REPUBLIKA.CO.ID, JAKARTA -- Bursa Efek Indonesia (BEI) menyatakan kesiapannya untuk menjadi penyelenggara Bursa Karbon. Pernyataan tersebut merespons terbitnya Peraturan OJK Nomor 14 Tahun 2023 tentang Perdagangan Karbon melalui Bursa Karbon.
"BEI siap mengajukan diri sebagai penyelenggara Bursa Karbon," kata Direktur Pengembangan BEI Jeffrey Hendrik saat dikonfirmasi wartawan, Rabu (23/8/2023).
Berdasarkan beleid tersebut, pihak yang dapat menyelenggarakan kegiatan usaha sebagai Bursa Karbon merupakan penyelenggara pasar yang telah memiliki izin usaha sebagai Penyelenggara Bursa Karbon dari OJK.
Selain itu, penyelenggara Bursa Karbon wajib memiliki modal disetor paling sedikit sebesar Rp 100 miliar.

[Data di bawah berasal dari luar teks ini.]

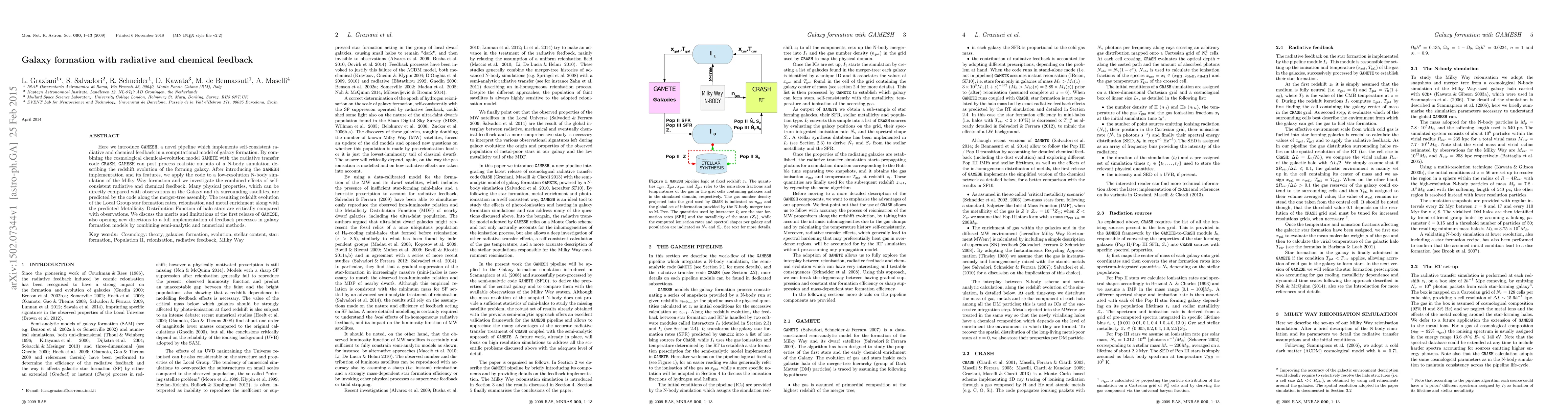 Here we introduce GAMESH, a novel pipeline which implements self-consistent radiative and chemical feedback in a computational model of galaxy formation. By combining the cosmological chemical-evolution model GAMETE with the radiative transfer code CRASH, GAMESH can post process realistic outputs of a N-body simulation describing the redshift evolution of the forming galaxy. After introducing the GAMESH implementation and its features, we apply the code to a low-resolution N-body simulation of the Milky Way formation and we investigate the combined effects of self-consistent radiative and chemical feedback. Many physical properties, which can be directly compared with observations in the Galaxy and its surrounding satellites, are predicted by the code along the merger-tree assembly. The resulting redshift evolution of the Local Group star formation rates, reionisation and metal enrichment along with the predicted Metallicity Distribution Function of halo stars are critically compared with observations. We discuss the merits and limitations of the first release of GAMESH, also opening new directions to a full implementation of feedback processes in galaxy formation models by combining semi-analytic and numerical methods.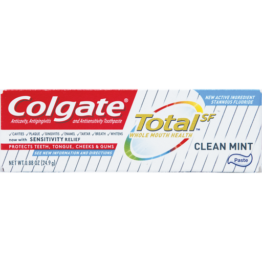 Product Description:  Colgate Total Clean Mint Toothpaste is the perfect sized toothpaste to take with you on your next trip. It prevents cavities,...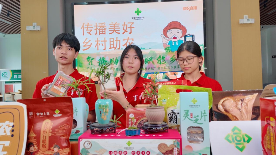 “携梦启航”突击队在白云区钟落潭镇新村村,深入罗汉松生产基地一线,将电商专业知识转化为助农实效。他们运用新媒体营销技能,在“白云农夫市集”平台开展多场高互动直播,生动推广罗汉松盆栽、洲星马蹄糕、乳鸽、灵芝片等名优产品。队员们围绕产品特性、文化背景、实用场景等进行生动讲解,巧妙运用AI工具深度分析直播数据,精准把握市场动态与消费者需求,创新策划“云赏罗汉松”主题专场,通过盆景艺术展示与种养知识科普,让乡村农产品在数字平台上变得更吸引人。在近400分钟的直播中,累计吸引观众2015人,点赞量达到5万多次,有效提升了农产品曝光度和市场竞争力。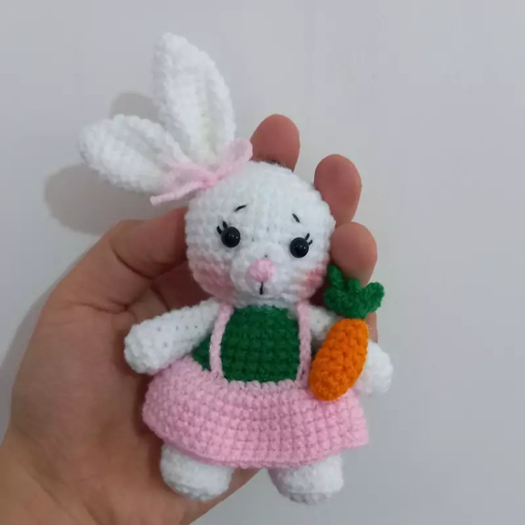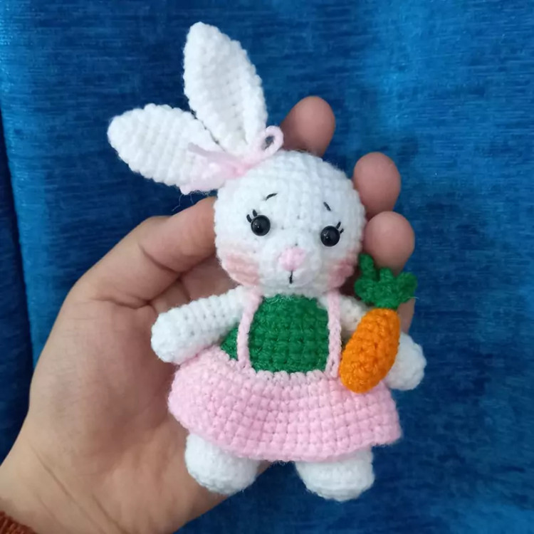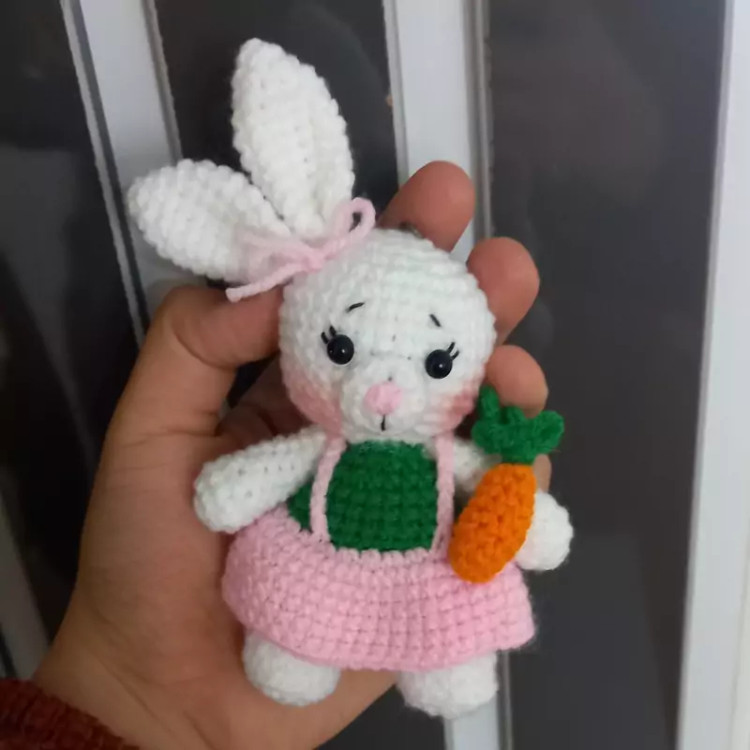 عروسک بافتنی خرگوش هویج دار14سانتی بافت به رنگ دلخواه شما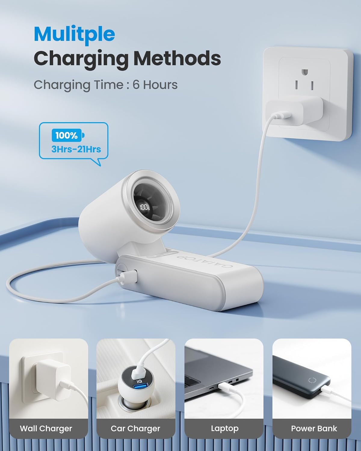 - 4000mAh and 21 Hours Long Battery Life : The portable fan has 4000mAh large-capacity battery which lasts 3-21 hours continuously,help you get difficult times. Hand fan compatible with TYPE-C ports, laptops, power banks and car chargers.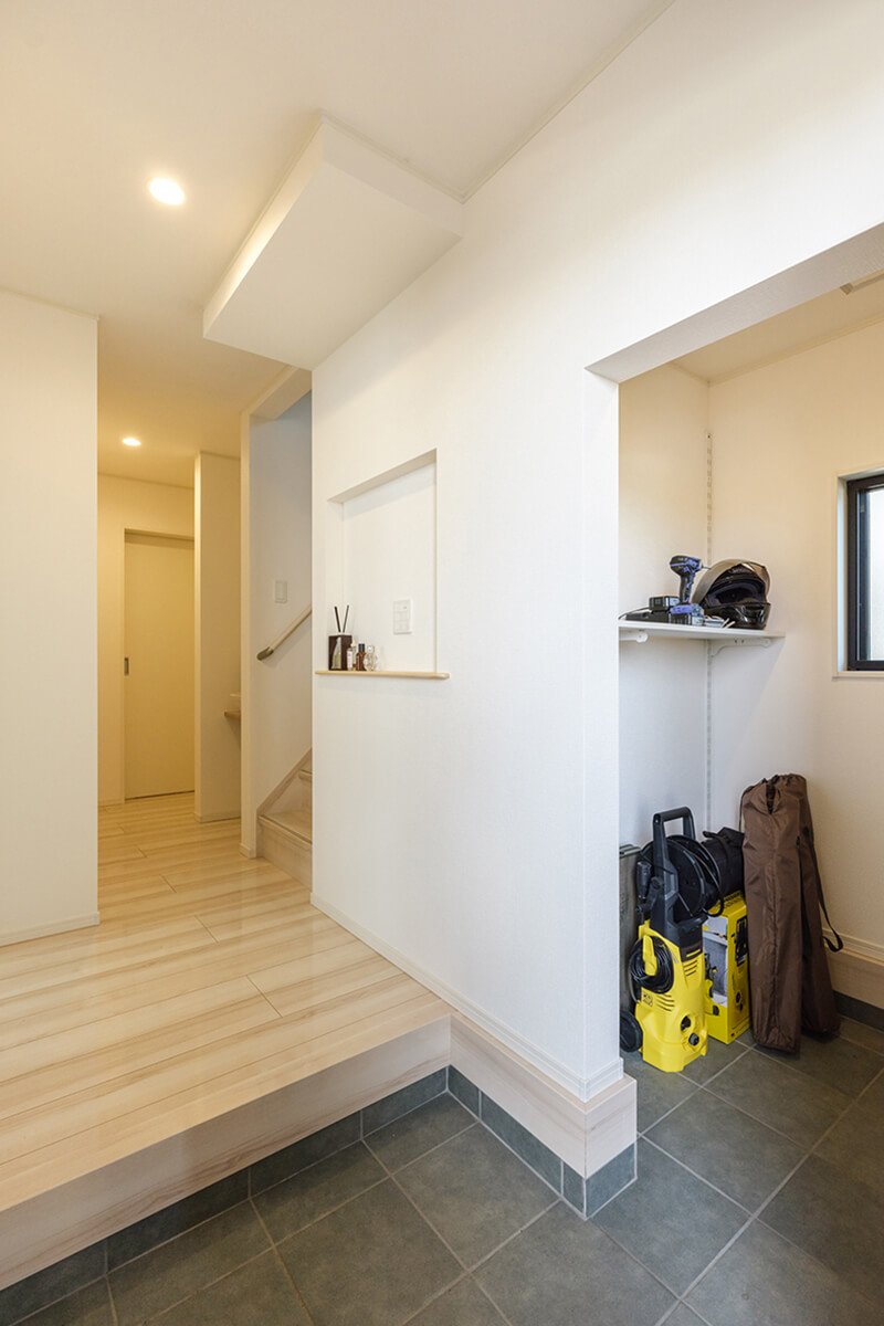 キャンプ道具などのアウトドア用品や洗車道具をまとめてしまうために、玄関横に収納スペースを確保。扉をつけなかったことで、コストダウンと共に物の出し入れが容易に。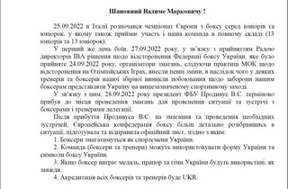 ФБУ вимагають від спортсменів та тренерів відмовитися від медалей та їхати додому

Adapun sumber modal tersebut tidak diperbolehkan berasal dari pinjaman.
Selanjutnya, pemegang saham, anggota direksi, dan anggota dewan komisaris penyelenggara Bursa Karbon wajib memenuhi persyaratan yang ditetapkan oleh OJK. Mereka juga diwajibkan untuk melalui penilaian kemampuan dan kepatutan.
Kepala Departemen Literasi, Inklusi Keuangan dan Komunikasi OJK, Aman Santosa, menjelaskan POJK Bursa Karbon akan menjadi pedoman dan acuan perdagangan karbon melalui bursa karbon.
POJK Bursa Karbon ini merupakan amanat Undang-Undang Nomor 4 Tahun 2023 tentang Pengembangan dan Penguatan Sektor Keuangan (UU P2SK) yang mengamanatkan pengaturan lebih lanjut Perdagangan Karbon melalui Bursa Karbon. Sesuai UU P2SK, penyusunan POJK ini telah melalui proses konsultasi dengan Komisi XI DPR RI.
"POJK ini merupakan bagian dari upaya OJK untuk mendukung Pemerintah dalam melaksanakan program pengendalian perubahan iklim melalui pengurangan emisi Gas Rumah Kaca (GRK), sejalan dengan komitmen Paris Agreement, serta mempersiapkan perangkat hukum domestik dalam pencapaian target emisi GRK tersebut," jelas Aman.